Cyprus seeks Israel, EU help to fight wildfire
Cyprus on Saturday requested emergency assistance of planes from Israel and the EU to fight a wildfire fanned by strong winds and high temperatures that forced the evacuation of several villages.
Cypriot President Nicos Anastasiades called it a "very difficult day", and thanked both Greece and Israel for responding positively to the appeal.
Janez Lenarcic, European Commissioner for Crisis Management, said on Twitter its "aerial firefighting capacity" had been mobilised, with Italy and Greece sending planes to help.
The office of Israeli Prime Minister Naftali Bennett said "two firefighting planes" would be sent, which were expected to arrive on Sunday.
The intense fire spread from the southern Limassol district of Arakapa, destroying property but without any immediate report of casualties.
With Cyprus sweltering under a week-long heatwave and temperatures rising to 40 degrees Celsius (104 Fahrenheit), some villages in the nearby Larnaca district were also evacuated as a precaution.
Foreign Minister Nikos Christodoulides told the official CNA news agency that Cyprus had requested assistance.

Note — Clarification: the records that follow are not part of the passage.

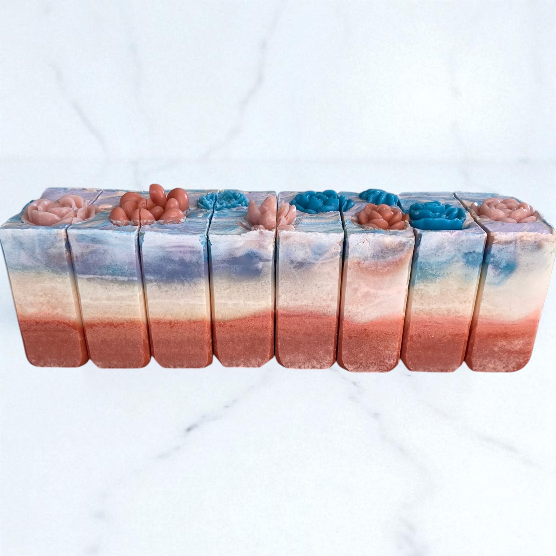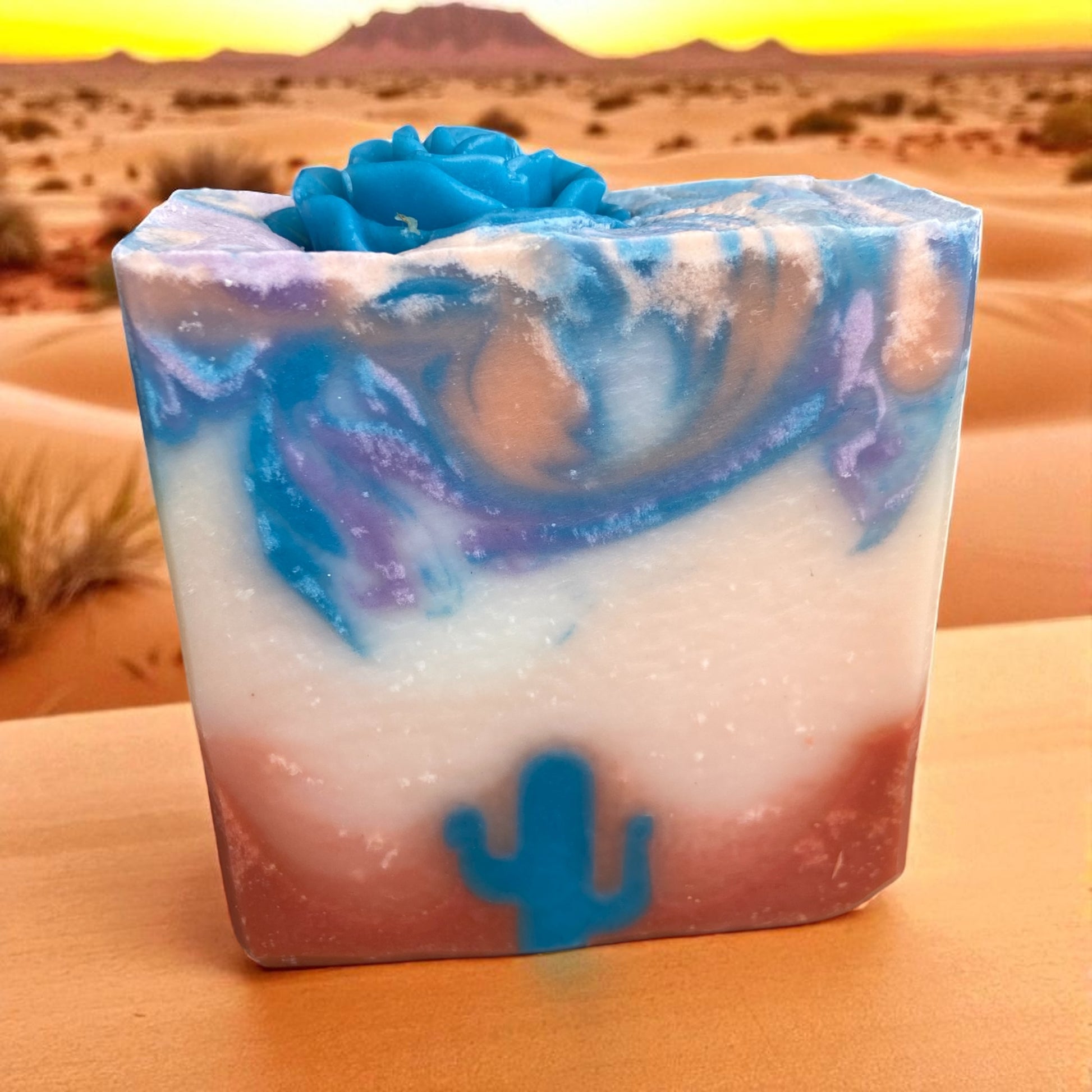 Breathe in the serene harmony of lavender, bright litsea, and grounding cedarwood with this desert-inspired artisan soap. The design features a bold turquoise cactus standing tall against coral and pink mountains, all beneath a sky swirled in deep blue and vibrant magenta. Handcrafted with nourishing oils, this bar captures the beauty of a desert sunset and the calm of nature’s wide-open skies.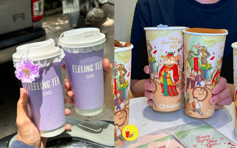 Một chiếc ly giấy take away đẹp, được thiết kế chỉn chu và mang dấu ấn thương hiệu có thể giúp quán trà sữa ghi điểm ngay từ ánh nhìn đầu tiên. Đó là lý do vì sao các thương hiệu như Gong Cha, Tocotoco hay Ding Tea, Feeling Tea đều đầu tư mạnh vào bao bì đặc biệt là ly giấy.
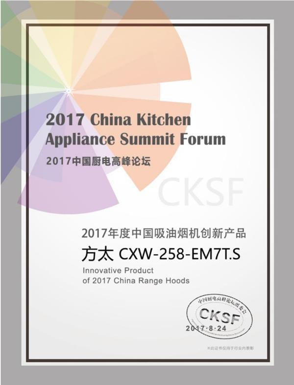 方太智能油煙機(jī)EM7T.S榮獲“2017年度中國(guó)吸油煙機(jī)創(chuàng)新產(chǎn)品”獎(jiǎng)
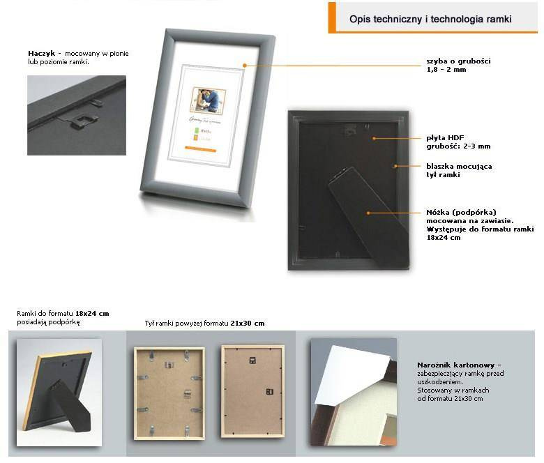 - Ramka z podpórką: stopka występuje do formatu 18x24 cm umożliwia postawienie w pionie lub poziomie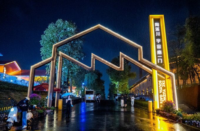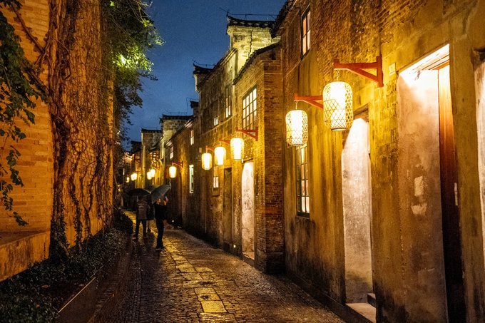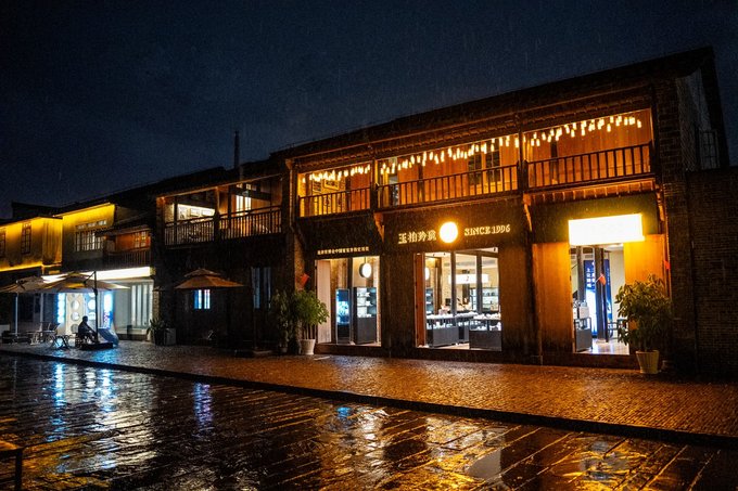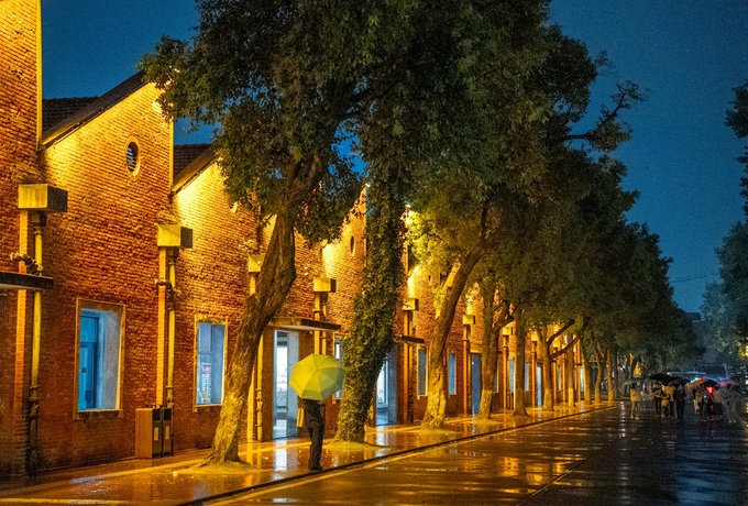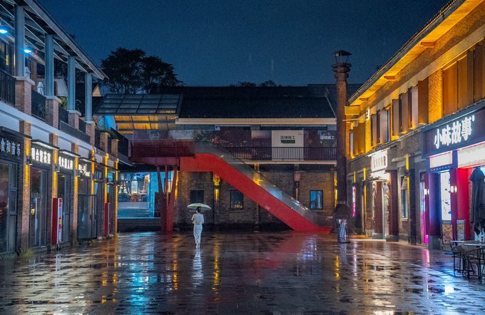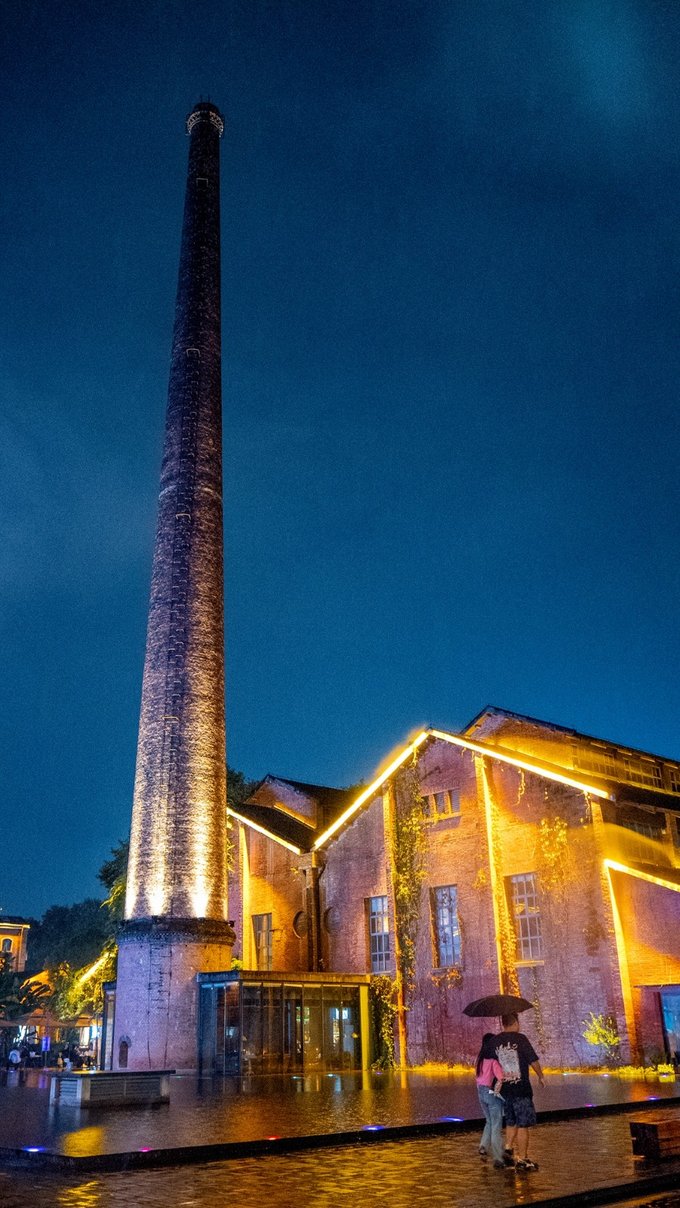这里是怀旧的,又是现代的,充满创意的街区风情和老厂房碰撞出独特的时代火花。 黄昏时分来到陶溪川,小雨淅淅沥沥,雨中游人不多。入夜后,雨水悄然告别,街区变得瑰丽、浪漫,有种奇妙的静逸之美,游客也逐渐多了起来。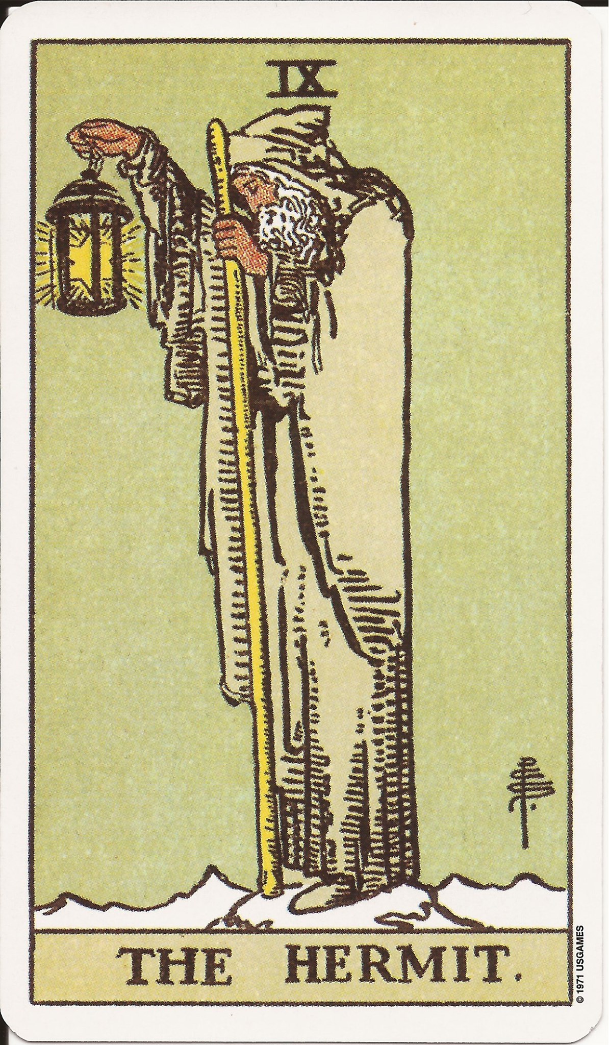 O Eremita está associado ao signo de Virgem, mutante de terra, analítico, virado para o detalhe. O número 9 é o da entrega aos outros, do altruísmo – o contrário do egoísmo. A letra hebraica que lhe corresponde é YOD ou YUD, a mão. Como título esotérico ele é “O profeta do Eterno” ou “O Mago da voz do Poder”.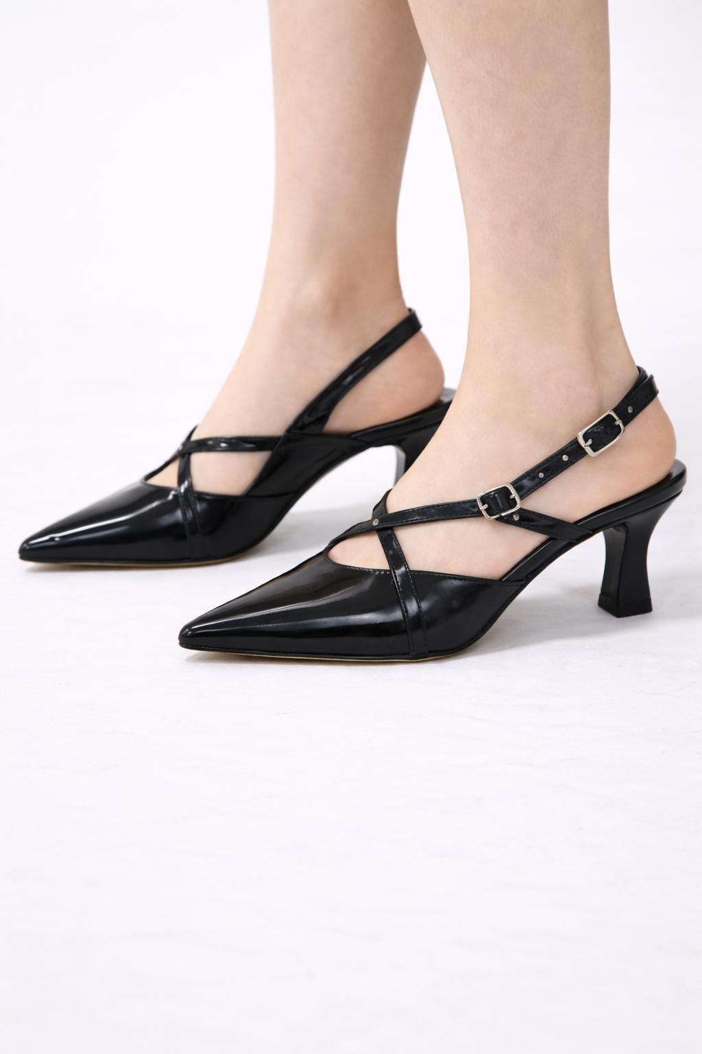Zarif ve iddialı tasarımıyla öne çıkan Luna Siyah Rugan Çapraz Bantlı Slingback, klasik şıklığı modern detaylarla buluşturur. Parlak rugan yüzeyi sayesinde sofistike bir görünüm sunarken, sivri burun formu ayağı daha ince ve uzun gösterir.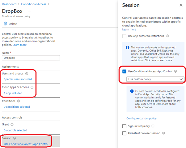 - Under Access Controls – Sessions – select Use Conditional Access App Control and choose a built-in policy (Monitor only or Block downloads) or Use custom policy to set an advanced policy in Cloud App Security, and then click Select.
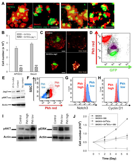 (A) Spheroids of SKOV3 and APOCC were stained with PKH red prior to being co-cultured in 3D media with eGFP-E4 + ECs or eGFP-SH-jag1-E4 + ECs. Pictures were taken via confocal imaging. Scale bar, 100 μm. (B) The bar graph represents the sphere diameters at D6 for co-cultures of OCCs (SKOV3 and APOCC) and eGFP-E4 + ECs or eGFP-SH-jag1-E4 + ECs. p < 0.001 (***). (C) SKOV3 cells were stained with PKH red prior to being co-cultured in 3D media with eGFP-E4 + ECs (top pictures) or eGFP-SH-jag1-E4 + ECs (bottom pictures). Pictures with glow scales were taken via confocal imaging. Scale bar, 50 µm (D) SKOV3 cells were stained with PKH red prior to being co-cultured in 3D media with eGFP-E4 + ECs. eGFP-E4 + ECs in contact with SKOV3 (purple population) or not in contact (green population) were sorted at D6. (E) Western blotting for Jag1 and pAkt was performed on sorted E4 + ECs. Actin was used as control. (F) SKOV3 cells were stained with PKH red prior to being co-cultured in 3D media with eGFP-E4 + ECs. After 6 days of co-culture, PKH low SKOV3 (blue population) and PKH high SKOV3 (red population) were sorted. g-h Notch3 (G) and Cyclin D1 (H) were evaluated in the two SKOV3 populations sorted in F by flow cytometry. (I) Western blotting for pERK and pAkt was performed on sorted SKOV3. Actin was used as control. (J) Spheroids of SKOV3 with or without E4 + ECs were cultured in the presence or not in the presence of GSI for 6 days. Every 2 days, SKOV3 cells were counted.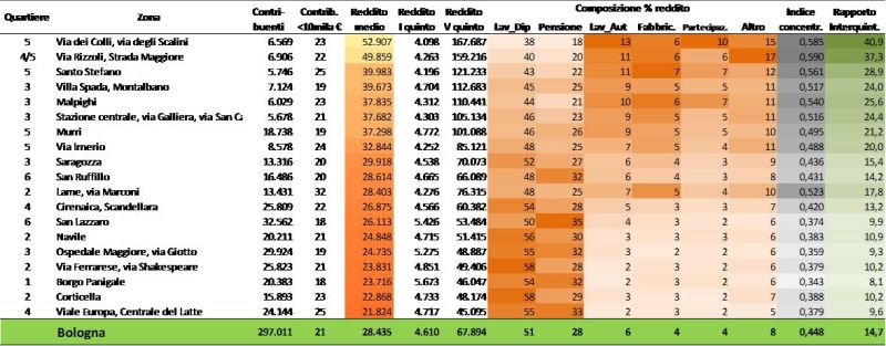 A Bologna il reddito medio è relativamente alto, ma rispetto alle altre città le differenze sono meno marcate, sia per l'intera città che per le singole zone. I redditi medi più alti si trovano in via dei Colli, via degli Scalini (quartiere Santo Stefano), e nella zona centrale di via Rizzoli e strada Maggiore; quelli più bassi sono nella periferia di viale Europa, centrale del latte Granarolo (quartiere San Donato-San Vitale) e Corticella (quartiere Navile).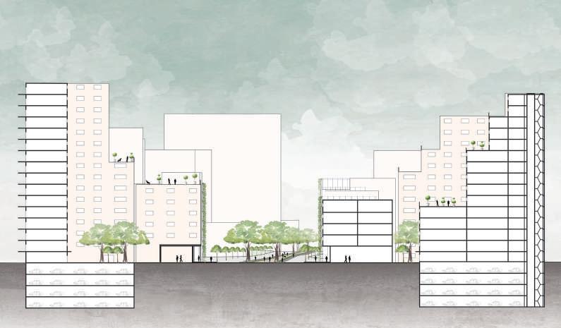 The place has the potential to become a center that serves pedestrians, the future metro station will bring with it a large number of visitors and new residents, and the green network that we propose will soften the enormous burden and make the place environmentally friendly and pleasant for pedestrians. We believe that the network that connects the existing and proposed new urban hubs will improve the existing urban framework, make the place more inviting and vibrant, and above all, reduces the need for traffic.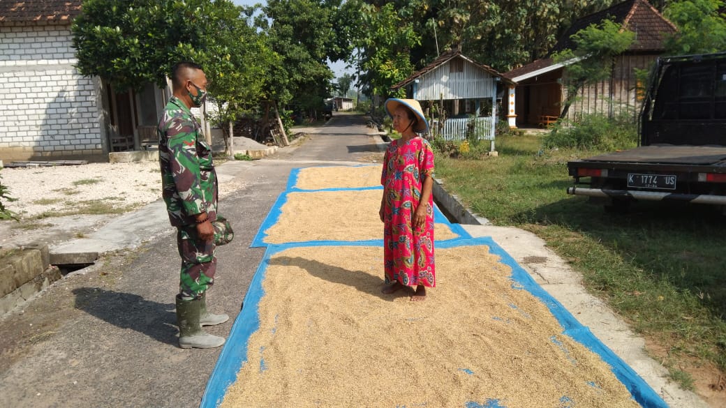Warsini (53) saat sedang berbincang bincang dengan Serda Rahmat Sujarwo datang menghampiri, kemudian saling menyapa dan bercanda tiba tiba Warsini berkata Pak, sudah punya istri belum. Kalau belum saya ambil mantu mau nggak, atau carikan teman bapak yang masih bujang. Saya pingin punya mantu TNI, karena TNI selalu membantu rakyat. Minggu (13/06/2021).

"We have requested four aircraft which will be thrown into the battle to extinguish the fires," the minister said.
The fire is raging on several fronts, with off-duty personnel called in to help with the firefighting effort.
"It is difficult; that's why we've asked for help," Agriculture Minister Costas Kadis told CNA.
Over 20 firefighting vehicles, six helicopters and four planes are already fighting the flames, assisted by British troops and equipment stationed on the Mediterranean island.
Dense smoke could be seen in the southern resort town of Larnaca, 40 kilometres (25 miles) down the coast from Limassol, with the sun turning a "blood orange" colour.